Designing a randomized phase I/II prostate cancer chemoprevention trial using 1α-hydroxy-24-ethyl-cholecalciferol, an analogue of vitamin D 3

S. Packianathan, Rajendra G. Mehta, Rajeshwari R. Mehta, William H. Hall, Philip S. Boerner, Laurel A Beckett, Srinivasan Vijayakumar

Research output: Contribution to journalArticlepeer-review

7 Scopus citations


Prostate cancer continues to be a significant source of morbidity and mortality among older men. One possible means of reducing its impact on overall health and vitality is via cancer chemoprevention, both in the population that is unaffected but at some risk and in those who have undergone some form of curative therapy after the onset of the disease. Chemoprevention holds significant promise, but large phase III clinical trials evaluating chemopreventive agents in prostate cancer can require vast numbers of enrollees and require the commitment of significant financial resources and time before any therapeutic benefit may become apparent.
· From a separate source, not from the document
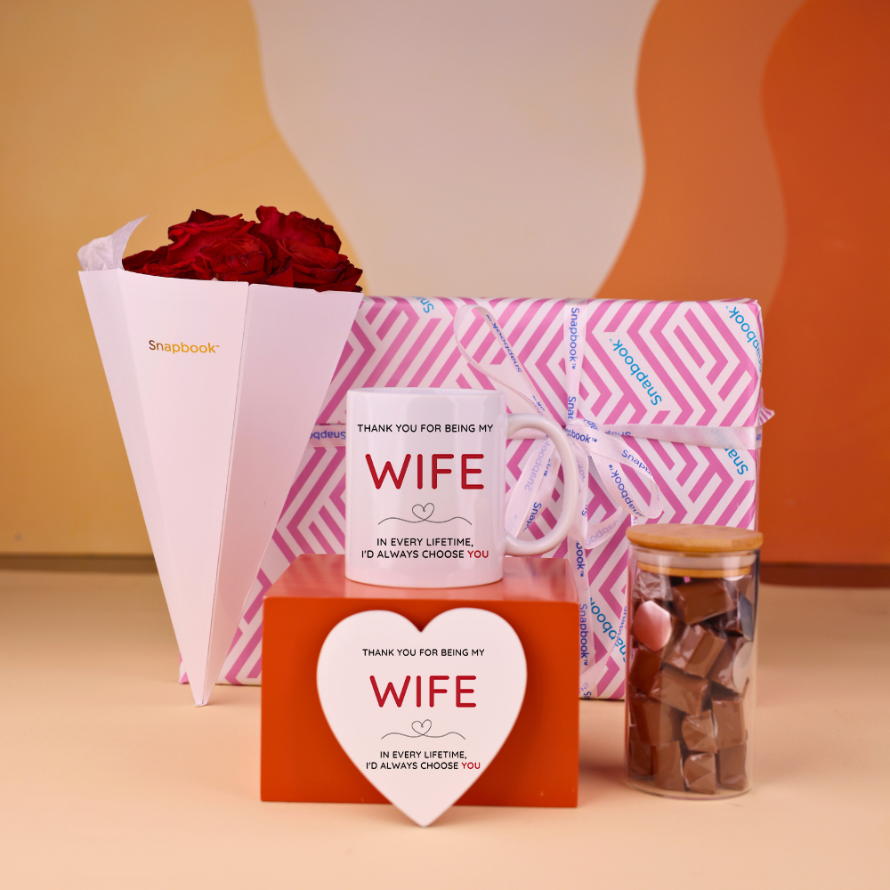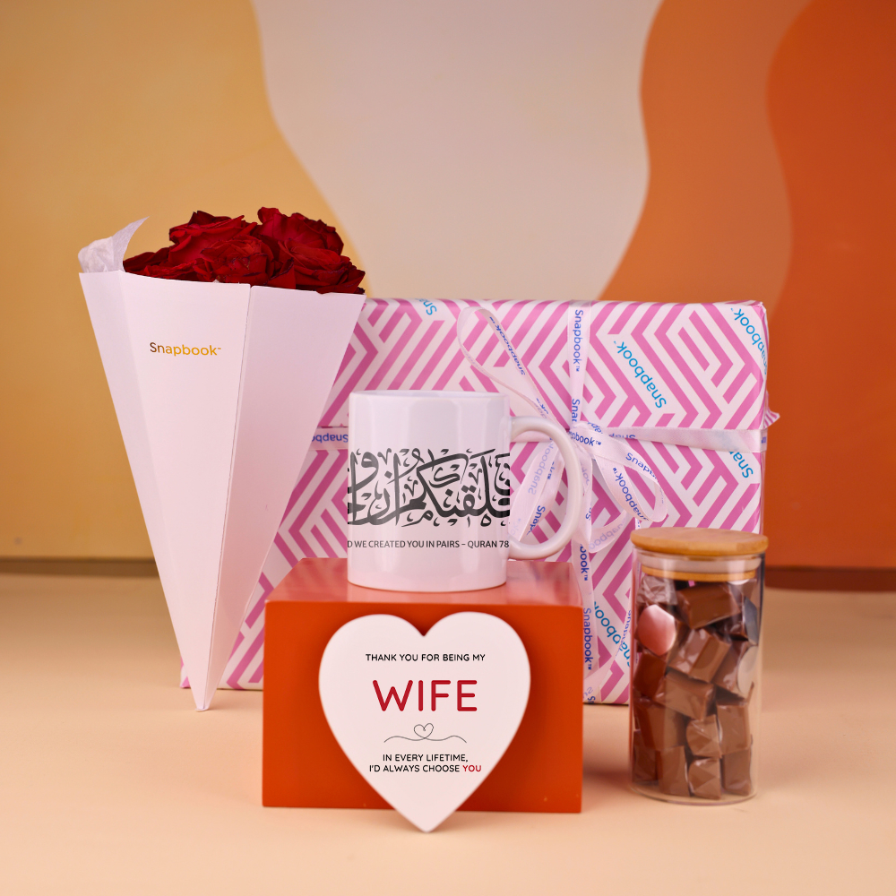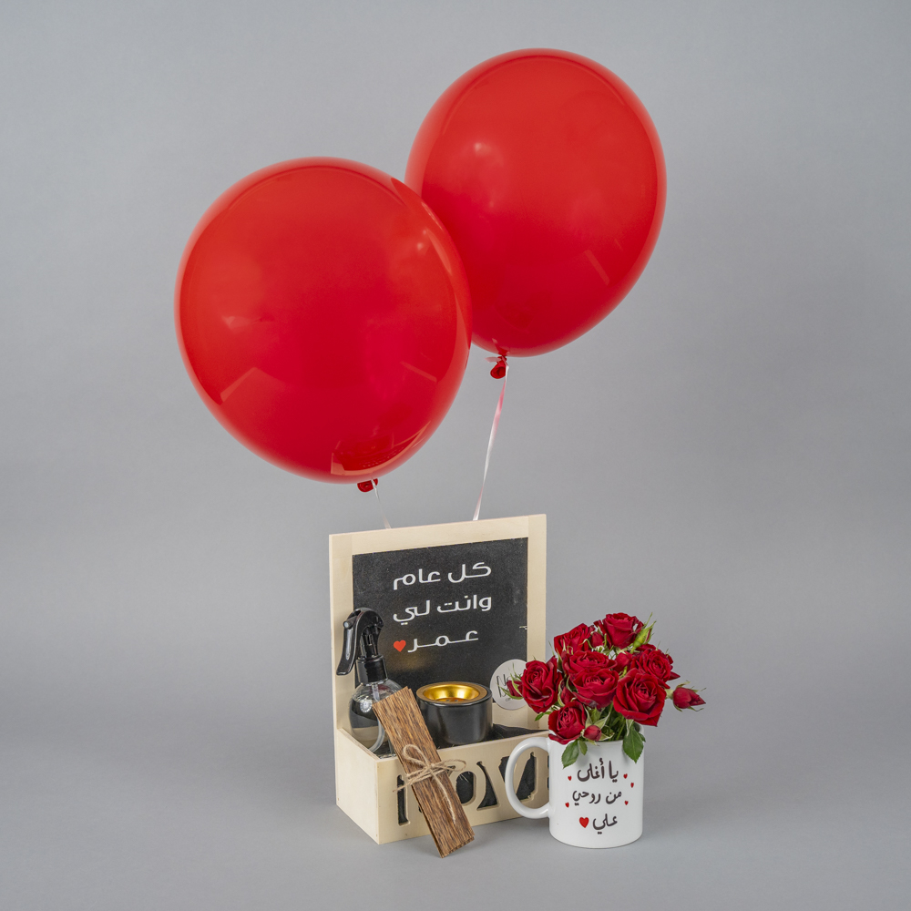 Wooden box contains a mug with flowers, room spray, Vietnamese bokhour and mubkhar.

One technique to shorten the time required for chemoprevention clinical trials is to use surrogate endpoint biomarkers in place of the currently used actual endpoints of cancer incidence or survival. The validation of such surrogate endpoint biomarkers will require small, well-designed phase I and/or II trials to accumulate data on the modulation of the surrogate biomarkers and the endpoints of cancer incidence or survival by the chemopreventive agent. Careful statistical correlation and clinical validation of the data will then allow us to justify the use such surrogates in place of the actual endpoint in large, randomized trials, potentially shortening trial duration, improving financial efficiency, and accelerating approval of the chemopreventive agent. To that end, we first review the theoretical construct of cancer chemoprevention trials with particular reference to prostate cancer. We thereafter describe the design of a small, randomized, double-blinded, placebo-controlled phase I/II clinical trial of an analogue of vitamin D, vitamin D5, which we believe could serve as a model for data accumulation on surrogate biomarkers and correlation with other clinical endpoints.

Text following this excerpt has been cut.